Image: Shutterstock/Jirsak

Just like Americans can watch a new movie on opening night from the couch and order almost any meal via a delivery app, many people want to be paid in the same way—streamed and on demand. Americans want to be paid as they earn their salaries instead of once or twice a month, according to a new survey by HR software provider Ceridian.

This new study of 1,004 U.S. workers found this new desire for “streamed access to earned wages” includes people at all salary levels. The survey also found that 78% of workers said on-demand pay would increase their loyalty to an employer, as long as the service is provided at no cost.

The survey also found that:

  • 80% of workers want to “stream” their earned wages automatically to their bank accounts.
  • 81% of workers with household incomes of $100,000 or more also want on-demand pay.
  • 81% are likely to take a job with an employer that provides access to earned wages on-demand at no cost over an employer that does not.

The survey was conducted online within the United States by The Harris Poll on behalf of Ceridian from Aug. 9-11 among employed adults ages 18 and older.

Seth Ross, general manager of Dayforce Wallet and consumer services at Ceridian, said in a press release that the survey shows on-demand pay is not only a differentiator but a requirement.

“With streaming pay, employers give workers more control over their financial well-being,” he said. “That means offering people the peace of mind to cover an unexpected expense or the ability to take advantage of investment opportunities they might not otherwise have.”

Dayforce Wallet is one of several new financial services that employees can use to get access to pay as it is earned. If an unexpected expense comes up a week before payday, a person can request access to the amount of money she has earned to date and use those funds to pay the bill. Employers generally make this service available to workers who can use it as needed.
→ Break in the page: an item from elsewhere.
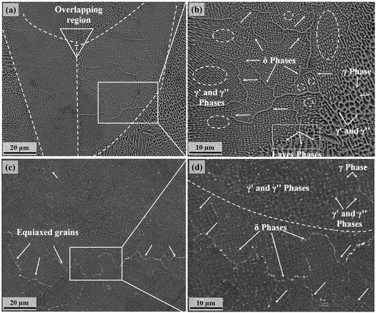 After heat treatment, the Laves phases become encapsulated within the dendrite region of the inner cells, while the delta (δ) phases precipitate at the grain boundary (Figure 7b,c). The HT sample has equiaxed grains. Its cellular dendrite structure (as indicated by white arrows in Figure 7c,d) has disappeared completely because of solid solution application and aging. Furthermore, it is evident from Figure 7d that the Laves phases dissolve rapidly, and a considerable quantity of δ phases precipitate at the grain boundary. The Laves phase undergoes partial dissolution since the heat treatment temperature of 1065 °C exceeds the solvus temperature of the δ phases. As a result, the precipitation of the δ phases is not desired following HT [40].

SEE: EY’s new blockchain platform could solve a major tax headache

The service is often associated with hourly wage jobs but the survey showed that people at all pay levels are interested in streamed wages. The survey results found that 81% of workers with household incomes of $100,000 or more want on-demand pay to invest wages sooner than traditional pay cycles allow.

Fintech innovation

On-demand pay and streamed access to earned wages is a $1 trillion opportunity according to Ernst & Young. Fintech software companies are providing this service in two ways: early direct deposit and streaming wages. Fintech firms such as Chime, Radius and OneUnited Bank give customers access to paychecks as soon as they receive a notification that a payroll deposit is coming. Traditional banks usually wait two days to confirm the payment before releasing the funds to the account holder. There is no waiting period for financial firms that provide early direct deposit.

Other companies offer immediate access to pay as a person earns it. Fast food restaurants sometimes use “Work today, get paid tomorrow” incentives to attract workers. The fintech company Even has an on-demand pay platform and has worked with Visa, Walmart and PayPal to give employees access to each day’s wages. The company calls this service Instapay. An employee can access their earned wages before payday when they’re short on cash. In some cases, this access requires a $6 monthly subscription fee.

According to the Brookings Institute, real-time payments are standard operating procedure in many countries, including the U.K., Mexico, Poland, South Africa and Japan, and have been for years. This means that a “payment from a Slovakian account will be available in France sooner than a check from Minnesota will clear in Florida.”